The following example demonstrates how an AI Agent, embedded within a mobile banking app, would interact with "ACME Bank"'s customer and their personal data:

- ACME's customer interacts with the new Agent inside the existing Mobile Banking App - asking for a loan assessment. This existing app is extended with Data Wallet capabilities from Inrupt (ESS APIs)
- The App Agent interacts with ESS to request access to customer data for the purpose of processing a loan application (ESS APIs)
- The request for access to data is sent to the customer’s mobile device (ESS APIs/Notifications) using the Data Wallet capabilities
- The customer uses the Data Wallet capabilities to approve (or reject) the request
- Following approval from the customer in their mobile app, an Access Grant is created for the Agent to interact with wallet data (ESS APIs) for the specific purpose specified (to process a loan application). The agent interacts with the customer’s data using the ESS MCP Server
- Results are shared back with the user via the agent
- Once data is retrieved, the Financial Services Agent uses the data to perform the requested business process and returns the result, via the Customer Service Agent, back to the consumer.
What This Means for Enterprise AI Strategy
If you're building with MCP, you're already betting on open standards and interoperability.

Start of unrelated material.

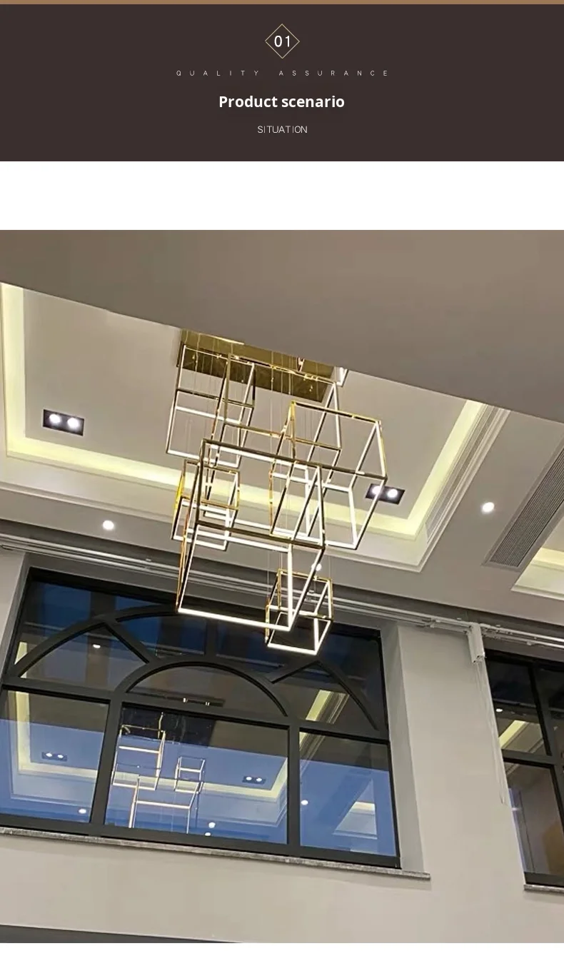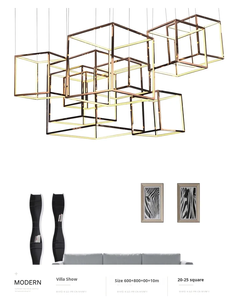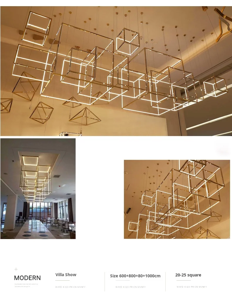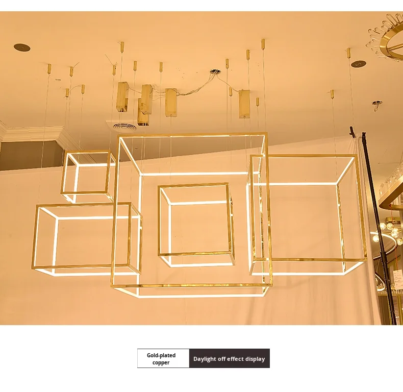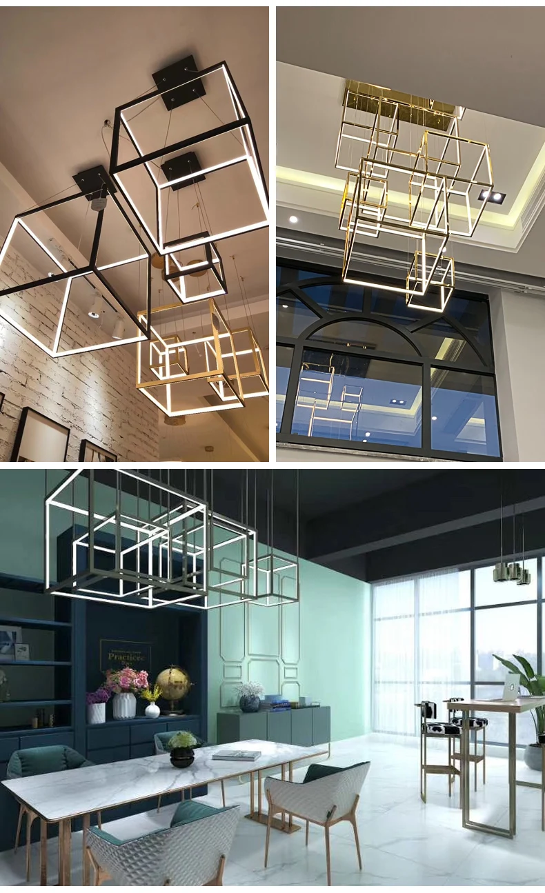 Lámpara colgante cuadrada creativa posmoderna minimalista de acero inoxidable para techos altos, luz de lujo para comedor, sala de estar y salas de exposición

But the strategic question isn't just about technical architecture, it's about competitive positioning in an AI-native world.
Who owns the customer relationship when AI becomes the primary interface?
Without a deliberate strategy for where customer data and AI-generated insights persist, you're making a choice by default: the AI vendor becomes the platform, and your differentiation disappears. Your customer relationship becomes transactional. The AI vendor owns the continuous engagement, the personalized experience, the switching costs. Your business becomes a commodity data source in someone else's ecosystem.
MCP + ESS fundamentally changes this equation, however. When MCP provides the connectivity layer and ESS provides the control, persistence, and user-centric layer, you create an architecture that’s both powerful and practical via:
- Vendor Independence: Customer data and insights live in infrastructure you control, safely accessible to any AI platform through MCP's open standard. Your customers can use Claude today, GPT-5 tomorrow, and a specialized vertical agent next month without losing context and without your business losing the relationship.
- Continuous Customer Value: Every AI interaction enriches the customer's Data Wallet with new insights, preferences, and context. That accumulating value is tied to your relationship, not to an AI vendor's platform.
- Strategic Differentiation: While competitors allow AI vendors to intermediate their customer relationships, you offer something fundamentally different: AI-powered experiences where customers maintain control and where the value they create stays with them and with your business.
The enterprises that will thrive in the AI era aren't the ones with the most sophisticated MCP integrations. They're the ones who recognized early that connectivity without control means building someone else's moat.
The question isn't whether to deploy AI agents. It's whether those agents will work for you, or for the vendors providing them.
Together, MCP and Inrupt enable enterprises to not only survive the AI transformation, but maintain and strengthen direct customer relationships rather than surrendering them.